Thermal injury: The total amount of laser energy used depends on the type, power, duration of laser, and the number of laser spots. Lens protein and hemoglobin absorb the energy of the laser. This prominently occurs in the case of persistent tunica vasculosa lentis (TVL), commonly present in preterm babies.[20] As longer wavelength energy (810 nm) is less absorbed by hemoglobin, the incidence of cataract was found lower with diode laser energy.[25] But Davitt et al.[4] found no correlation between cataract and energy of the laser used.
TVL: Premature infants have some amount of intact TVL. The hemoglobin absorbs laser energy at the lens surface leading to alteration in the permeability of the lens anterior capsule. This further affects the osmotic balance and leads to the formation of a cataract. In a very premature child, aggressive posterior ROP (APROP) represents an aggressive form of the disease with iris neovascularization, poor pupillary dilatation, hazy vitreous, a large area of avascular retina, and severe plus disease. These cases require higher power, duration, and more laser leading to higher cumulative energy being used further increasing the risk. But studies have also shown a similar incidence of cataract in ROP cases not having prominent TVL indicating other factors also do play a role.[20,21]
Anterior segment ischemia: The anterior segment of the eye is supplied by the anastomosis of the anterior ciliary artery (ACA) and long posterior ciliary artery (LPCA). Damage to the LPCA can lead to anterior segment ischemia.[26] It can present as congestion, corneal edema, shallow anterior chamber (AC), hyphema, cataract, posterior synechiae in the acute phase, and hypotony, iris atrophy, ciliary body atrophy in the late phase. Some of these eyes can progress to phthisis bulbi.[26,27]
-
Uveal effusion: The higher amount of thermal energy and immature blood-retinal barrier puts the baby at a higher risk of uveal effusion. It can lead to anterior rotation of the ciliary body and shallow AC which may cause corneo-lenticular apposition and cataract formation.[25]

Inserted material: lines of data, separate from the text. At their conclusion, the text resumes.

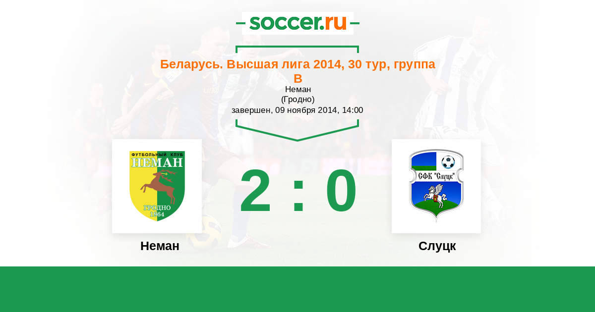Беларусь. Высшая лига 11.06.2014 Слуцк Логотип футбольный клуб Слуцк 0:2 Логотип футбольный клуб Неман (Гродно) Неман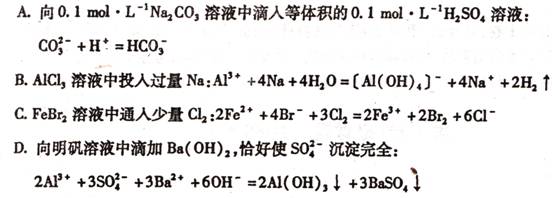 14.下列各组物质问反应可能包括多步反应,其总的离子方程式正确的是r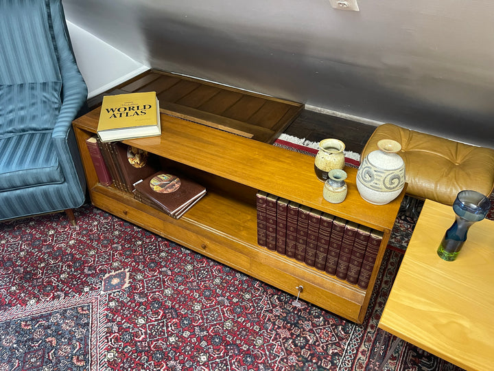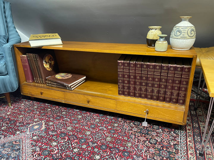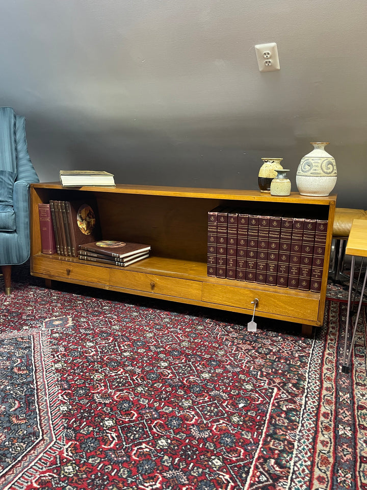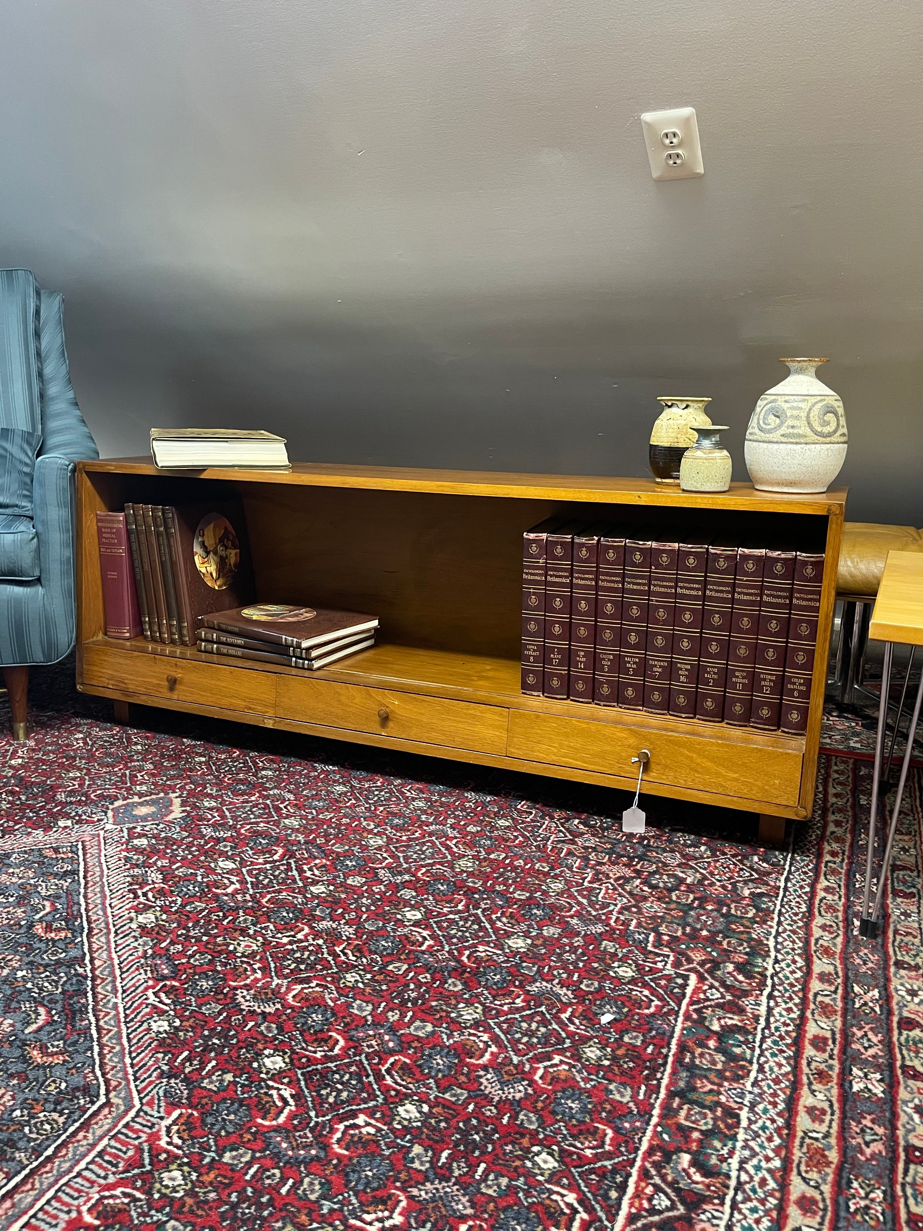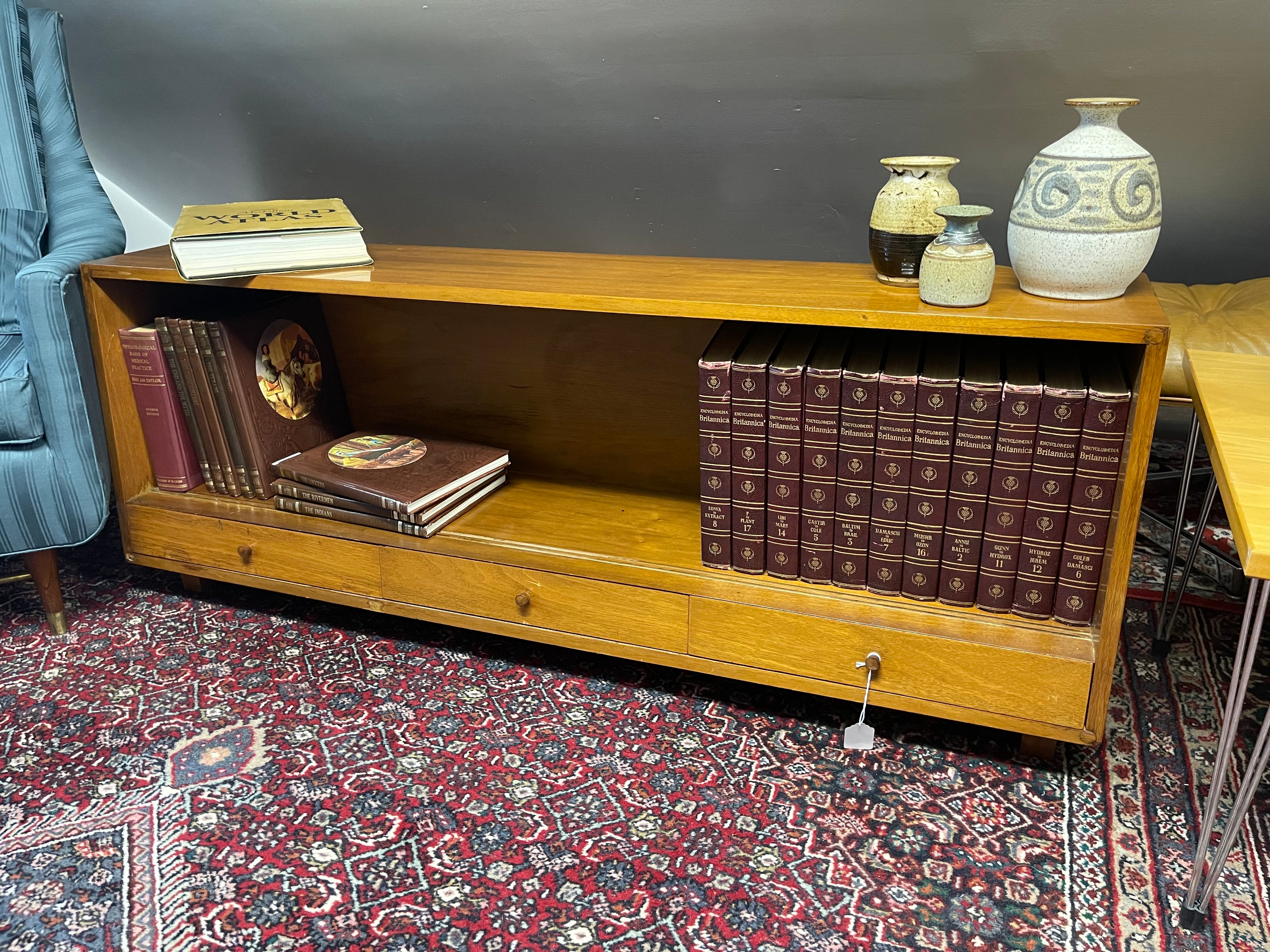 This piece of furniture likely started out as a hutch for a credenza or desk. However, it now makes a perfectly good low bookcase or record storage piece. Three small drawers add additional storage. Perfect for under a window with plants!

Thus, the use of a df-NdYAG laser with appropriate technique, lower cumulative energy, and avoidance of high indentation may help further decrease the chances of cataract formation.
-
Post-injection: VEGF is an important molecule involved in the cascade of events in ROP involved in both the angiogenesis and vasculogenesis phases. The use of intravitreal anti-VEGF in ROP allows for fast disease regression, improved vascular re-growth, and a better field of vision along with a high risk of recurrence.[23,28,29] In adults, cataract incidence varies from 0 to 0.14% in cases receiving intravitreal anti-VEGF.[30,31] It most commonly occurs due to mechanical lens injury. In preterm babies, the lens is thicker as compared to other ocular structures and the pars plana are also not formed.[32,33] Hence, if one is not familiar with the anatomy of these small eyes, there is a higher chance of mechanical lens injury. The injection in these children is usually given at 1.75 mm from the limbus with the needle tip directed posteriorly toward the optic disc. Also, the sclera in children is more deformable than adults and localized deformation at the injection site can potentially lead to zonular tension and damage to the posterior capsule.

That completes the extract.